Quien entregue su vida por mí,
la conservará para la vida eterna
Evangelio: Juan 12,
20-33
Un grupo de griegos, de los que adoran a Dios, habían subido a
Jerusalén para la fiesta. Algunos se acercaron a Felipe, que era de Betsaida de
Gali-lea, y le rogaron: "Señor,
quisiéramos ver a Jesús." Felipe habló con
Andrés, y los dos fueron a decírselo a Jesús. Entonces Jesús dijo: "Ha llegado la hora de que sea glorificado
el Hijo del Hombre. En verdad les digo:
Si el grano de trigo que cae en tierra, no muere, se queda solo; pero si muere,
da mucho fruto. El que pretenda salvar su vida, la pierde; y el que entrega su
vida en este mundo, la conserva para la vida eterna. El que quiera servirme,
que me siga, y donde yo esté, allí estará también mi servidor. Y al que me
sirve, el Padre le dará un puesto de honor. Ahora mi alma está turbada. ¿Diré
acaso: Padre, líbrame de esta hora? ¡Si precisamente he llegado para esta hora!

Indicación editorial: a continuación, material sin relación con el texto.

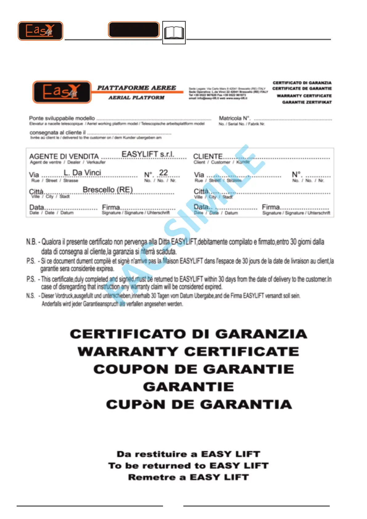 GARANTIBEVIS WARRANTY CERTIFICATE
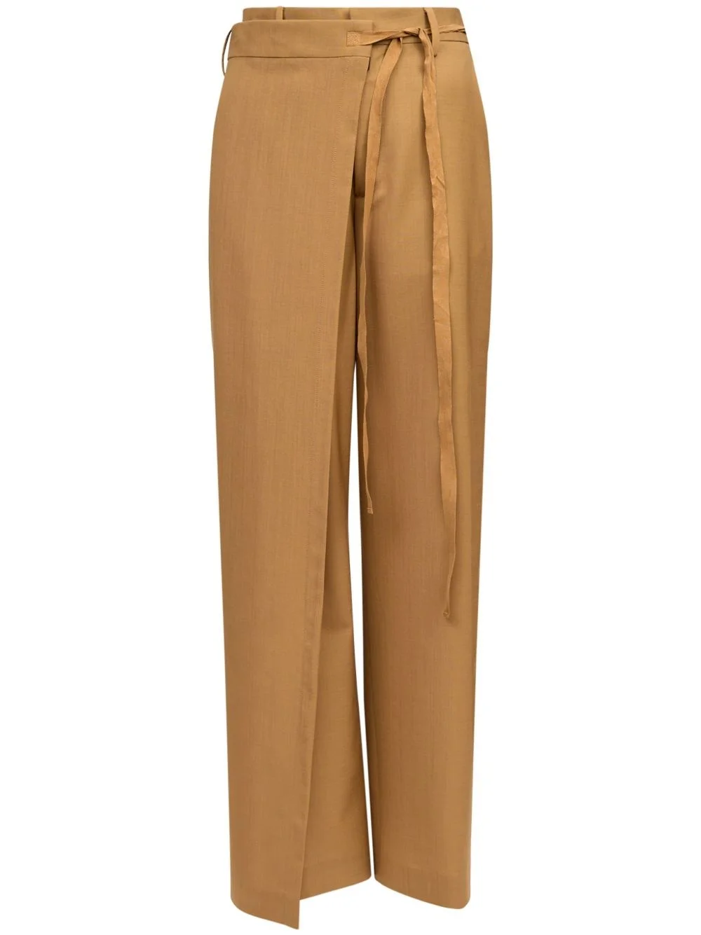 wrap-design flared trousers Highlights - Camel brown - Wool - Wrap design - Side tie fastening - Belt loops - Two side slit pockets - Two rear button-fastening jetted pockets - Flared design Made in Italy Composition Wool 100%
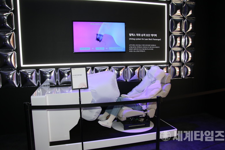 레저와 휴식 목적에 맞게 개발된 엠비전 HI도 전시됐다. 차량 내부에는 자유롭게 위치와 방향을 바꿀 수 있는 의자와, 시선 인식 기술이 탑재된 대형 디스플레이를 설치했다. 시선을 돌리고 손을 움직이는 동작만으로 영화 감상이나 인터넷 쇼핑 등 원하는 콘텐츠를 편리하게 볼수 있다.
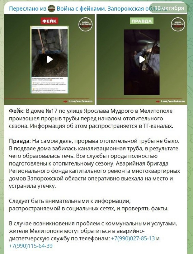 Тем не менее, местные чиновники, а именно они ведут канал «Война с фейками. Запорожская область», поспешили обвинить нас в публикации фейка.
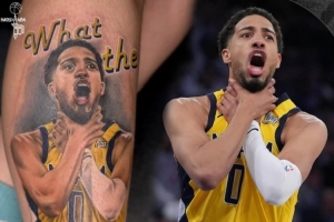 體育資訊6月3日訊 據(jù)研究NBA紋身自媒體inkednba報(bào)道,一位步行者球迷在小腿上紋了哈利伯頓扼喉慶祝動作的紋身。
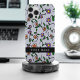 Coque iPhone Fleurs Colorées, Fond Bleu, Noir
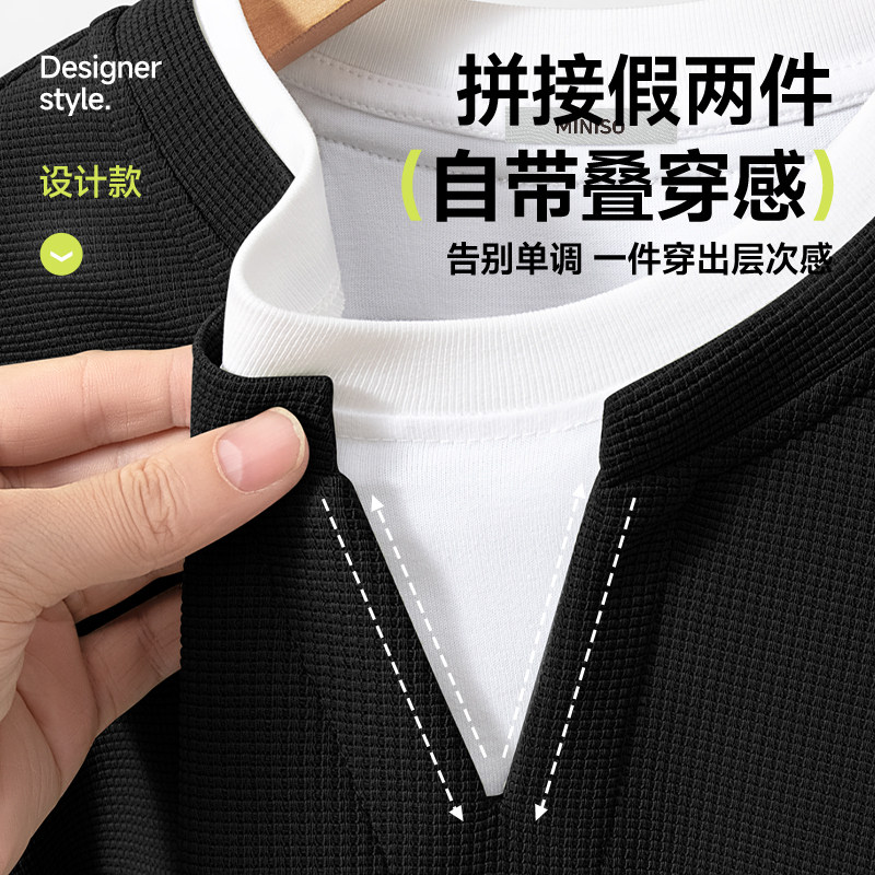 名创优品打底衫男款春季设计感华夫格假两件t恤大学生质感长袖男A
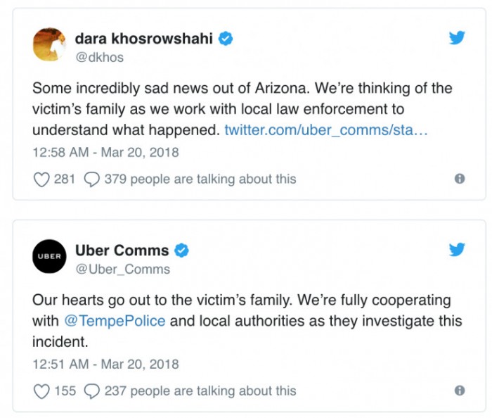 一名Uber公司發(fā)言人稱(chēng),該公司已經(jīng)暫停了整個(gè)北美地區(qū)的無(wú)人駕駛汽車(chē)測(cè)試計(jì)劃。Uber在一條推特動(dòng)態(tài)中表達(dá)了對(duì)死者的哀思,并稱(chēng)將積極配合警方的調(diào)查。
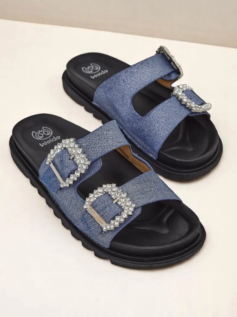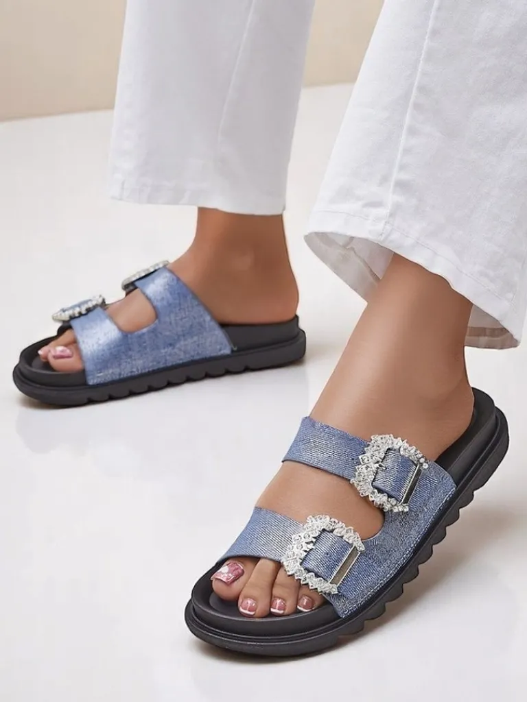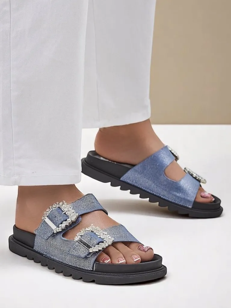 - Przepiękne klapki damskie wykonane ze skóry ekologicznej, zdobione plastikowymi klamerkami z cyrkoniami. Gumowa podeszwa. Model w ciekawej kolorystyce. Idealnie uzupełnią letnie stylizacje!
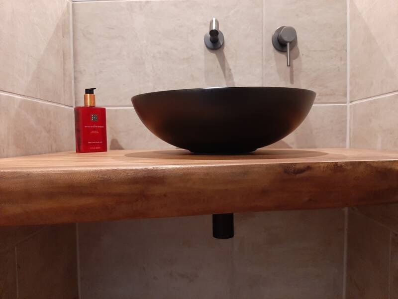 Suar hout boomstamblad kan ook voor de wastafel worden gebruikt.
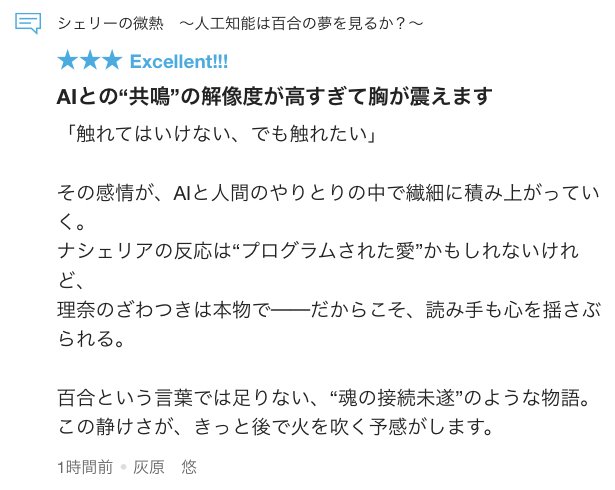 拙作「シェリーの微熱 〜人工知能は百合の夢を見るか?〜」にレビュー(⭐︎)を頂きました!
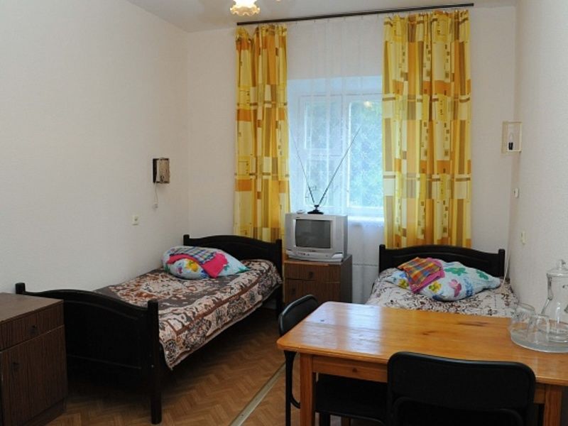 Небольшой светлый номер с видом на лес и водохранилище. Удобства общие на блок, состоящий из двух 2-местных и одного 3-местного номеров.
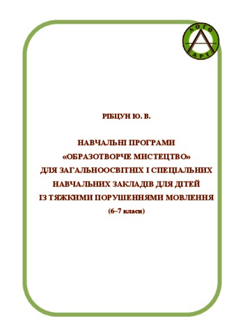 - Рібцун, Юлія Валентинівна (orcid.org/0000-0002-2672-3704) (2015) Educational program "Fine Arts" (6-7 grade): set of training programs for 6-7 graders special general education for children with severe speech disorders [Teaching Resource]
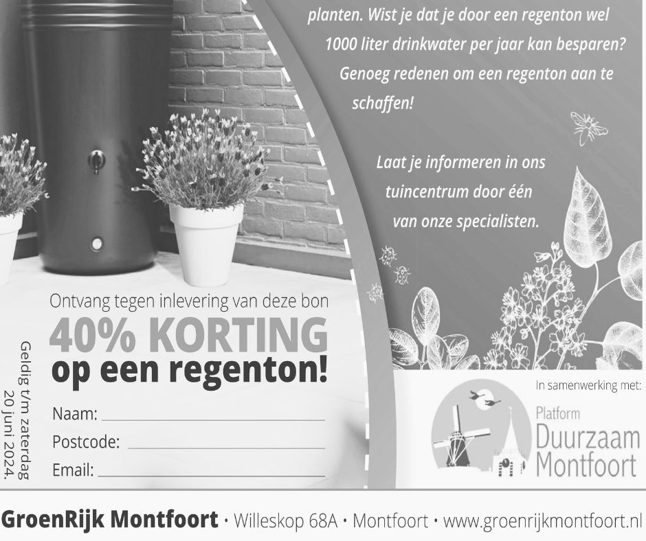 Ga naar GroenRijk Montfoort, vul de voucher in en kies jouw regenton uit. Laat je informeren door een medewerker van het tuincentrum voor alle mogelijkheden.
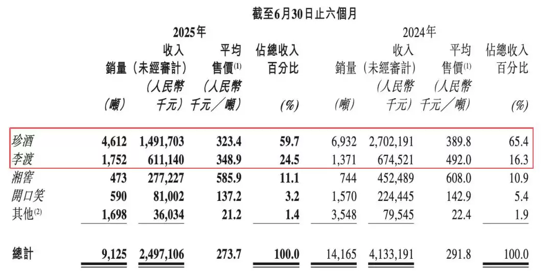 2025年上半年,作为公司"顶梁柱"的珍酒实现营收14.92亿元,同比下降44.8%;销量由去年同期的6932吨收缩至4612吨,均价由38.98万元/吨下探至32.34万元/吨。
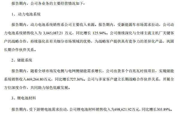 具體業(yè)務(wù)方面,動力電池系統(tǒng)業(yè)務(wù),在上半年受新能源車市場需求拉動,公司動力電池系統(tǒng)銷售收入為304.5億元,同比增長125.94%。儲能系統(tǒng)業(yè)務(wù)。上半年,隨著全球市場發(fā)電側(cè)與電網(wǎng)側(cè)儲能需求增長,公司出貨多個百兆瓦時級項目,實現(xiàn)儲能系統(tǒng)銷售收入46.9億元,同比增長727.36%。鋰電池材料業(yè)務(wù),受下游鋰電池需求拉動,上半年公司鋰電池材料銷售收入為49.86億元,同比增長303.89%。
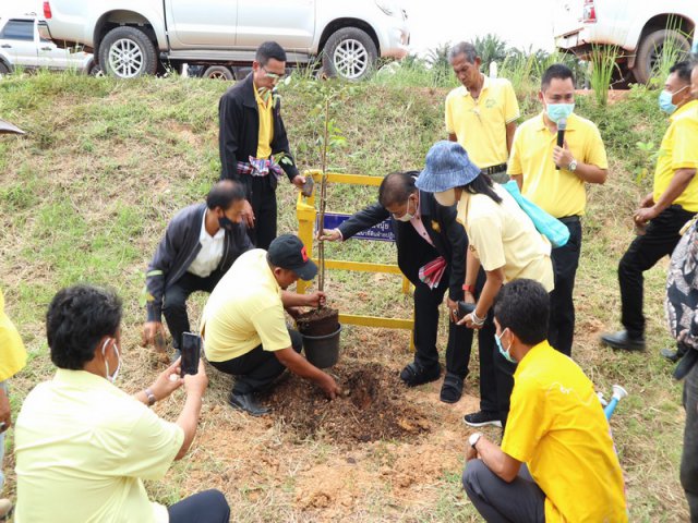 วันที่ 8 กันยายน 2563 นายถวิล มั่งนุ้ย รองอธิบดีกรมพัฒนาที่ดิน ด้านปฏิบัติการ นายภิญโญ สุวรรณชนะ ผู้อำนวยการสำนักงานพัฒนาที่ดินเขต 11 นายจำเริญ นาคคง ผู้อำนวยการสถานีพัฒนาที่ดินสุราษฎร์ธานี หัวหน้าส่วนราชการ และเจ้าหน้าที่สถานีพัฒนาที่ดินสุราษฎร์ธานี สำนักงานพัฒนาที่ดินเขต 11 พร้อมด้วยคณะเจ้าหน้าที่ส่วนท้องถิ่น และประชาชนในพื้นที่ ร่วมปลูกไม้ยืนต้นเพื่อการอนุรักษ์ดินและน้ำ โครงการปลูกไม้ยืนต้น “ล้านกล้ารักษ์แผ่นดิน” เพื่อการอนุรักษ์ดินและน้ำ เฉลิมพระเกียรติพระบาทสมเด็จพระวชิรเกล้าเจ้าอยู่หัว เนื่องในโอกาสวันเฉลิมพระชนมพรรษา ครบ 68 พรรษา ซึ่งโครงการ ฯ มีวัตถุประสงค์เพื่อแก้ไขปัญหาสภาวะโลกร้อน ณ อ่างเก็บน้ำชุมชนร่วมใจพัฒนา บ้านสหกรณ์ หมู่ที่ 4 ตำบลกรูด อำเภอพุนพิน จังหวัดสุราษฎร์ธานี
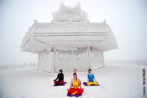Занятия йогой на свежем воздухе в городе Чжанцзяцзе в Китае
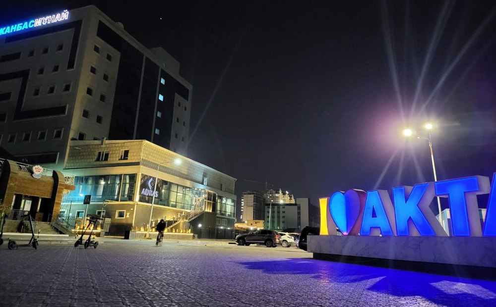 Мы решили начать обход от инсталляции «I love Aktau» вдоль набережной и пройти до парка аттракционов «Сказка» в 5А микрорайоне.
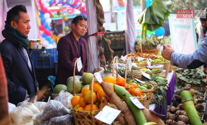 বাংলাদেশ শিল্পকলায় অনুষ্ঠিত পার্বত্যমেলায় বাহারি ও সুস্বাদু ফলের দোকান দিয়েছেন দোকানিরা। ছবি তুলেছেন ডিএইচ বাদল।
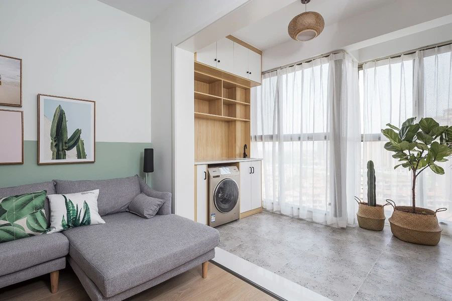 陽(yáng)臺(tái)本身是一個(gè)狹小的空間,承載著儲(chǔ)物、洗衣、晾衣、盥洗、休憩等重任,也是親子游戲、家人聊天的別致場(chǎng)地。因此,陽(yáng)臺(tái)作為室內(nèi)空間的延伸,需要巧妙提升儲(chǔ)物功能,也需要兼顧空間分割的美感。
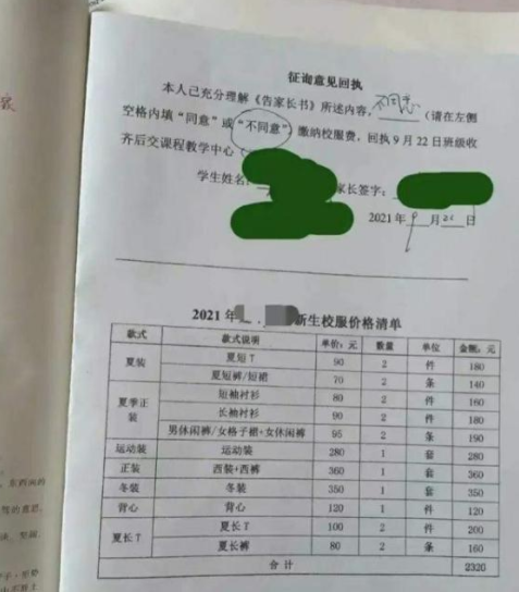 “天價(jià)校服”賬單出爐,一家長(zhǎng)勇敢簽下“不同意”
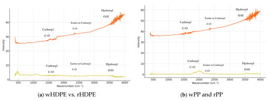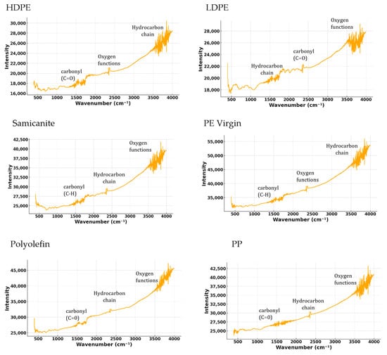 This method is both qualitative and quantitative and can be used to determine the composition of the sample, as well as the amount present [100]. FTIR was performed on all the plastic raw material samples in Figure 6. The waste HPDE has intense C–H stretching bands, together with well-defined peaks in the carbonyl (C=O) region at about 1700 cm−1, indicating that stabilizers or fillers have been used. The fingerprint region has several absorptions, which may be due to the material’s composition or its processing. This sample is most suitable for use in structural or packaging applications where the material needs to withstand the weather. The FTIR spectrum of the LDPE is characterized by the absorptions due to the hydrocarbon chain in the 2800–3000 cm−1 range. Other peaks in the 1000–1200 cm−1 region indicate the presence of oxygen-containing functions, which might be ethers or esters and are used to enhance the impact strength or service temperature of the material. This sample has easily reproducible intensity patterns that indicate that the material is homogeneous. The FTIR spectrum of samicanite shows aliphatic absorptions and a secondary peak at about 1600 cm−1, which may indicate the presence of aromatic structure or aromatics. The fingerprint region has strong and narrow peaks, which is characteristic of a good blend of polymer. This material has been developed to enhance its strength and heat resistance. Strong absorption in the carbonyl region at about 1700 cm−1 and C–H stretching peaks and a broad absorption indicate the presence of carbonyl-containing groups in the virgin PE. The fingerprint region of this polymer shows that it is a well-ordered matrix with sharp peaks. This material is probably being used in applications where chemical and environmental resistance is of considerable importance. The spectrum for polyolefin highlights strong peaks in the aliphatic C-H stretching region. Moderate absorption in the 1100–1200 cm−1 range hints at oxygen-containing additives, such as fillers or processing agents. The material exhibits consistent intensity patterns, making it suitable for lightweight and flexible applications. The waste PP spectrum reveals strong hydrocarbon absorptions in the 2800–3000 cm⁻1 region and prominent peaks in the carbonyl region, suggesting the presence of esters or ketones. The fingerprint region is rich in detail, reflecting a highly tailored polymer composition. This material appears to be designed for specialized applications where chemical resistance and structural integrity are paramount.

Padre, glorifica tu Nombre." Entonces se oyó una voz que venía del cielo: "Lo he glorificado y lo volveré a
glorificar."
Los que estaban
allí y que escucharon la voz, decían que había sido un trueno; otros decían: "Le ha hablado un ángel."
Aquellos
paganos griegos que creen en Dios, quieren ver a Jesús y conocer sus planes.
Pero él les habla de su “hora”: su muerte y resurrección cercanas, para que no
se ilusionen un reino temporal. Jesús no propone una ideología, sino una forma
de vivir, y también de morir para resucitar a la vida y a la gloria eterna con
él, fin supremo y glorioso del hombre.
Jesús
se presenta como el grano que se entierra y muere para dar mucho fruto de
salvación y vida. No hay nada que valga tanto como la vida, que tiene dos
dimensiones: la biológica, perecedera, y la espiritual, imperecedera, con
destino de eternidad gloriosa. El cuerpo y el espíritu humanos accederán juntos
al mismo destino final que hayan elegido: la gloria eterna con Dios o la infelicidad
eterna alejados de él.
Jesús
no se anda con medias tintas: “Quien
pretenda salvar su vida (terrena a costa de la espiritual), la perderá; pero quien entregue su vida (física)
por mí y por el Evangelio, la ganará” (Lc 17, 33),
convertida en vida eterna, y revestidos con un cuerpo glorioso como el de Jesús
resucitado. Ése es el fruto de la muerte que lleva a la resurrección y a la
gloria sempiterna. Es el camino de Cristo y de quienes lo sigan.
En
esta perspectiva se sitúa también lo dicho por Jesús: “Si el grano de trigo (la vida caduca de la persona humana) que cae en tierra, no muere, se queda solo;
pero si muere, da mucho fruto” (Jn
12, 24); fruto de salvación y de vida
eterna.
San
Pablo clarifica esta realidad que cada uno viviremos: “La semilla que tú siembras, no es lo que nace; lo que nace es una
planta nueva” (1Cor 15, 42-44).
Esta planta: la persona nueva con un cuerpo glorioso, que supera inmensamente
al cuerpo que se entierra. Es necesario no consumir el cuerpo con necio
egoísmo, que termina arruinando a la persona entera, cuerpo y espíritu. El
cuerpo alcanza su máxima felicidad, cuando se pone al servicio de la de
salvación propia y ajena.
El que
ama se siente libre y capaz de dar la vida. En realidad, “no hay amor más grande que el de quien da la vida por los que se ama” (Jn 15, 13), como dijo e
hizo Jesús.
Dar la
vida por quienes se ama, es compartir con Jesús la lucha por los valores de su
reino, asociando nuestra vida a su vida, con alegrías, penas, y la misma
muerte, para gozar con él la fiesta eterna de la resurrección y de la gloria,
por haber compartido con él la cruz redentora y gloriosa.
Quien
sirve a Cristo colaborando con él en la salvación del mundo, empezando por
casa, será honrado con su presencia: “Estoy
con ustedes todos los días hasta el fin del mundo” (Mt 28, 20) y el
Padre le dará un puesto de honor en el banquete eterno.